Implications for Scaling Computer-Use Agent Research
CUA-Gym is primarily relevant to researchers and practitioners working on training computer-use agents with reinforcement learning. The open-source release of the synthesis pipeline, dataset, CUA-Gym-Hub environments, and model checkpoints means teams do not need to reconstruct the data generation infrastructure from scratch [1].
Limitations remain. The 110 environments, while broader than prior hand-curated benchmarks, still represent a bounded slice of real-world software. The mock web applications in CUA-Gym-Hub are grounded in real-world software-use distributions but are not identical to production systems. Transfer to WebArena is a positive indicator, but it covers one held-out benchmark rather than the full range of deployment contexts practitioners encounter.
For the broader RLVR and agent-training community, the dataset addresses a specific structural gap: the absence of verified, scalable training data with deterministic rewards for GUI-based agents. Whether the pipeline’s co-generation approach generalizes to non-web desktop environments or other interaction modalities is not addressed in the current work [1].
FAQ
Q. What training algorithm was used with CUA-Gym data, and is it required? The paper reports results using GSPO to train the CUA-Gym-A3B and CUA-Gym-A17B models [1]. The sources do not specify whether the dataset is compatible with other RLVR training algorithms or whether GSPO is a hard requirement.
Q. How does CUA-Gym-Hub differ from existing web benchmarks? CUA-Gym-Hub is described as a suite of mock web applications synthesized to reflect real-world software-use distributions, rather than a set of live or recorded web interactions [1]. It was created specifically to expand the number of available training environments, which the researchers identified as a separate bottleneck from training data volume.
Q. Does the dataset transfer to environments outside the 110 included ones? The WebArena benchmark results suggest some degree of transfer beyond the training environments, but the sources do not quantify how broadly that transfer extends or which environment types benefit most [1].
Q. When will the pipeline, dataset, and models be publicly available? The paper states the researchers will open-source the full synthesis pipeline, dataset, CUA-Gym-Hub environments, and models, but the sources do not specify a release date or hosting location [1].
Q. What distinguishes CUA-Gym’s verification from LLM-as-judge approaches? CUA-Gym combines a Generator-Discriminator adversarial loop during generation with a final filter using LLM majority voting and agent rollouts [1]. The paper positions this as more reliable than LLM-as-judge datasets, which the authors describe as scaling broadly but lacking reliable verification.
Key takeaways
- CUA-Gym produces 32,112 verified RLVR training tuples across 110 environments, addressing the scarcity of deterministic training signals for computer-use agents [1].

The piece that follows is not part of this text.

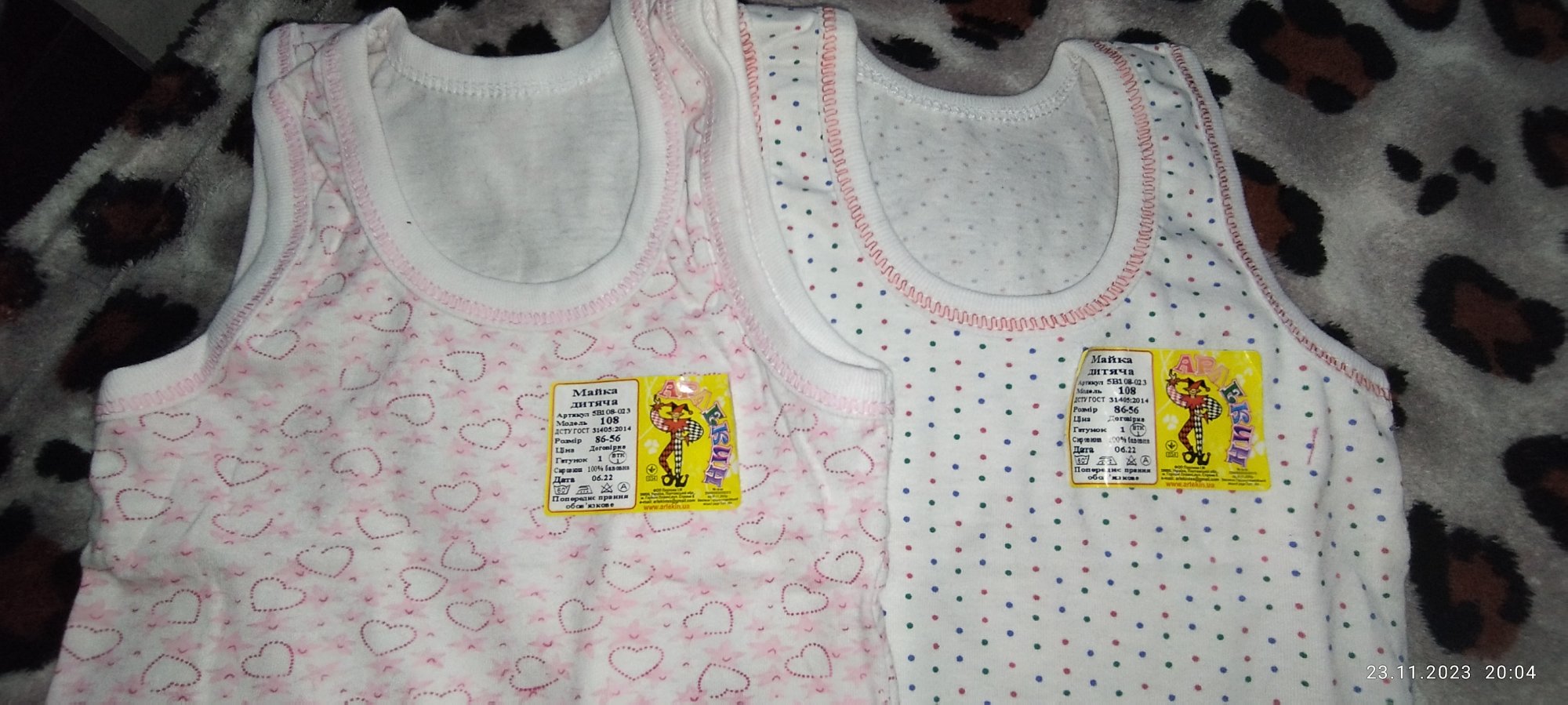 Рисунок с сердцами отличается, а так хорошие маечки. Длина майки 36 см на размер 56

- A three-agent architecture (Generator, Discriminator, orchestrator) co-generates task instructions, environment states, and reward functions through iterative execution rounds, enforcing internal consistency before filtering [1].

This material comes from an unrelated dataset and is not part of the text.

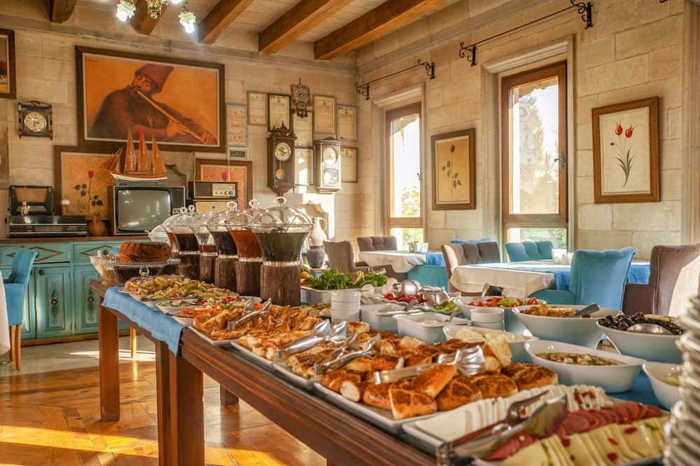 Kendinizi Kapadokya’da yoğun bir çevre gezisine hazırlayın ve geleneksel Türk kahvaltısının tadını çıkarın! Açık büfe kahvaltımız, restoranımızda saat 08.00’dan 10.30’a kadar servis edilmektedir. Kahvaltıda yöresel farklı ekmek çeşitleri, taze domates, salatalık, biber, zeytin, farklı peynir çeşitleri, yumurta (haşlanmış, yağda ya da omlet tarzında), yoğurt, meyve suyu, süt, kahvaltılık gevrek, bal, ev yapımı reçel çeşitleri, kuru meyve, taze çay ve kahve sunmaktayız. Tüm meyve ve sebze çeşitlerimiz organiktir ve bu bölgeden toplanmaktadır. Kahvaltı, oda fiyatlarına dahildir.internet hizmetimize otelin her köşesinden erişilebilir ve misafirlerimize, arabalarını otelin önüne park edebilmeleri için fazlasıyla boş alan sunulur. Otelimiz, meşhur Göreme Açık Hava Müzesi’ne sadece 1 km uzaklıkta yer almaktadır. Kapadokya’yı ister yayan ister otelimizin size sunduğu şahane tur hizmetlerinden yararlanarak keşfedebilirsiniz.

- A final quality filter combining LLM majority voting and agent rollouts provides an additional verification layer beyond the per-task adversarial loop [1].
- Models trained on CUA-Gym data with GSPO reached 62.1% (3B scale) and 72.6% (17B scale) on OSWorld-Verified, outperforming prior open-source agents at comparable sizes, with transfer gains also observed on WebArena [1].
- The full pipeline, dataset, CUA-Gym-Hub mock web application suite, and model checkpoints are planned for open-source release [1].